Meredith Monk: a multimedia trip through American myth and history

Every so often, Meredith Monk summons all her many talents - as composer, choreographer, singer, dancer, director - and weaves the lot of them into a major theater piece. The latest is a leisurely, gentle, and fascinating show called''Specimen Days,'' running through early January at the Public Theater. Rooted in the past and clearly concerned about the future, it plunges through American myth and history like a multimedia time machine.

Not surprisingly, ''Specimen Days'' is based on Miss Monk's unique musical style, which informs the entire sound and structure of the work. For those who have never heard it, this is a hard style to imagine, incorporating a wide variety of tones and textures not normally found in Western music, ranging in effect from folksong to birdsong.

Though she originally developed her techniques through experiments with her own voice, Miss Monk has been writing for an ensemble lately, and in ''Specimen Days'' both choral and solo singing are artfully integrated into the flow of the performance.

This could portend further popularity for the unique Monk artistry, which is currently in evidence on a splendid new record called ''Dolmen Music'' (ECM-1- 1197) and will regale a wide audience when Monk and company set off next month on a major tour of the West Coast and Europe.

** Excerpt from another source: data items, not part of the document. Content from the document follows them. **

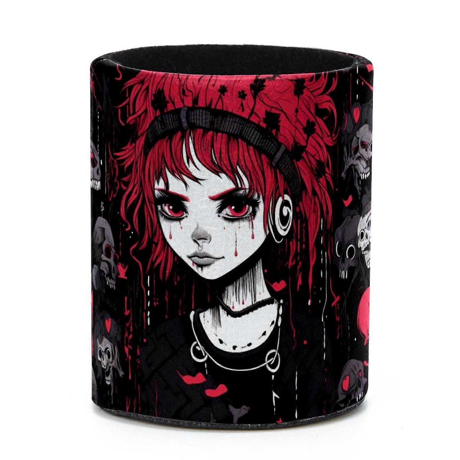 Stylish and Functional Cylindrical Pen Holder, the Perfect Desktop Organizer for Artists and Makeup Enthusiasts, Skull Punk Style
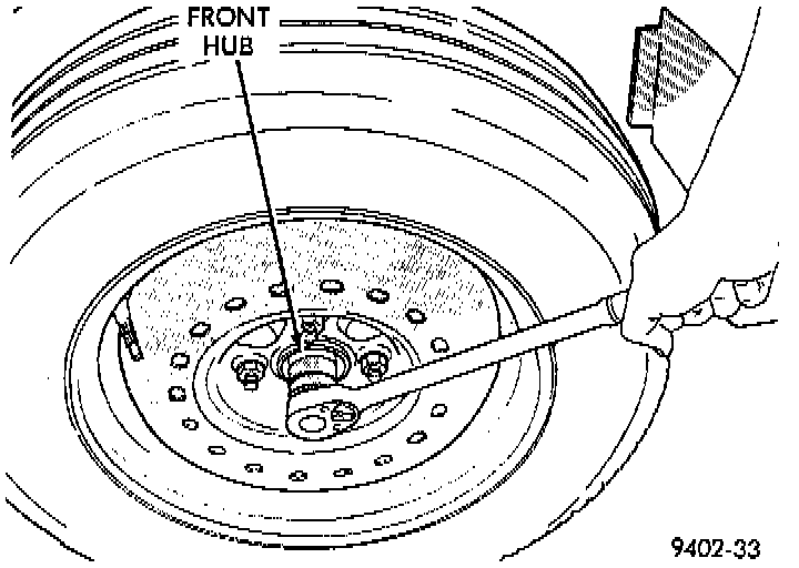 2. Loosen hub nut while vehicle is on the floor with the brakes applied. The hub and driveshaft are splined together through the knuckle (bearing) and retained by the hub nut.
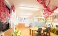 店内は赤、青、白、黄色の壁の店内を意識して空間を作っていきます。

''Specimen Days'' takes its title from Walt Whitman, and most of its important images come from Whitman's era, around the time of the Civil War. In many scenes, the show seems concerned with the miseries people cause themselves, a theme which is eloquently summed up by the looming memory of a war that pitted brother against brother. At one point the stage is covered with miniature tents, like a battlefield at dawn, until a giant cannonball comes careening through the room and mows them down. Later, on a movie screen, a turtle stalks through deserted city streets, and it is clear we have left the Civil War for World War III - when only the thickest of skins will have any chance of surviving.

''Specimen Days'' comprises far more than melancholy memories and apocalyptic forebodings, however. Most of the dominant images are attractively nostalgic, recalling a time that seems to have been more inviting in many ways, when life moseyed along at a turtle's comfortable pace. Families group for photographs, gather around dinner tables, and care for their loved ones.

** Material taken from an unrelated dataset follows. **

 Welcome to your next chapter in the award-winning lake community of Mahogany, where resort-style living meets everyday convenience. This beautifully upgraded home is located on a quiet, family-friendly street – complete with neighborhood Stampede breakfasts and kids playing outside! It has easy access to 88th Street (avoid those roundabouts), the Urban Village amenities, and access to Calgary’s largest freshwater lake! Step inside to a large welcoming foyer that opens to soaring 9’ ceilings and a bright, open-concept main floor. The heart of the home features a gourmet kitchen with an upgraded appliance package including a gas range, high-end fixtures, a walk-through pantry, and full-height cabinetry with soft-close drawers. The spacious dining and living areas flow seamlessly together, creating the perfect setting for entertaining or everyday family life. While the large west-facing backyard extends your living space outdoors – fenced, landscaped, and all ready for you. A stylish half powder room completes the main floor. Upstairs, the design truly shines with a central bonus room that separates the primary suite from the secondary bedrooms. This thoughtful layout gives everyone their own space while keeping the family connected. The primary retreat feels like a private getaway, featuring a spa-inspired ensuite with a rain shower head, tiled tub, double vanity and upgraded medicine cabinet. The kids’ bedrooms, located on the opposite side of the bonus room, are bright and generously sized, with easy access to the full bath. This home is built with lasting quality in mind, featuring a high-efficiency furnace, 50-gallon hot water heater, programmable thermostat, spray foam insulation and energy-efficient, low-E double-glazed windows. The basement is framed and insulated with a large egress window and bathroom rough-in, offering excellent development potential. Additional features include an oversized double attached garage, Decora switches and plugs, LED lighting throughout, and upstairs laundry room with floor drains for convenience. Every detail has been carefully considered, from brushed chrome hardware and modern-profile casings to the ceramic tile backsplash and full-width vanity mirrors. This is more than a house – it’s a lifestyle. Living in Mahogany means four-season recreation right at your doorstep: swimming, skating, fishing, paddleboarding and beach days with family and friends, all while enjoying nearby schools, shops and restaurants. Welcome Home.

They are specimens all, and we are invited to examine them in all their bittersweet, sad-glad, good-bad complexity.

Yet there's no mistaking a delicate sadness at the heart of the show. In the very first scene, the actors are presented to the audience like figurines at a gallery. Later, in a dark echo of this moment, a black slave is displayed on an auction block. And in the end, there's nothing to see but that lumbering turtle, inheriting the earth after the last of all civil wars.

The images of ''Specimen Days'' are linked by Miss Monk's own presence, as a character loosely based on composer Louis Moreau Gottschalk. Elegantly attired in formal clothing, she sings evocative solos at a grand piano, does a shuffle-off-to-everywhere dance, and takes her place in unexpected vignettes.

This device is not entirely satisfactory, as it never quite settles Miss Monk as either a master of ceremonies or a participant in the action. It's a compromise, and it looks like one, especially by comparison with the other dramatic elements of the show, which are thoughtfully conceived and smoothly executed.

There is no gainsaying the musical richness of the work, though, from its keening start to its clamorous finale, culminating in a poignant collision between one of Miss Monk's most exquisite compositions - the ''Turtle Dreams'' waltz - and the insistent sound of Gottschalk's piano.

Among the regular Monk collaborators in the cast are Andrea Goodman as a Southern mother, Robert Een as a Northern grandfather, and Paul Langland as, among other things, a tree. Ronnie Gilbert of the Winter Project and Nicky Paraiso, a colleague of Jeff Weiss, are some of the other performers who have mastered Miss Monk's unusual vocal and gestural demands. Robert Withers made the films starring the aforementioned turtle, whose name is not listed in the program.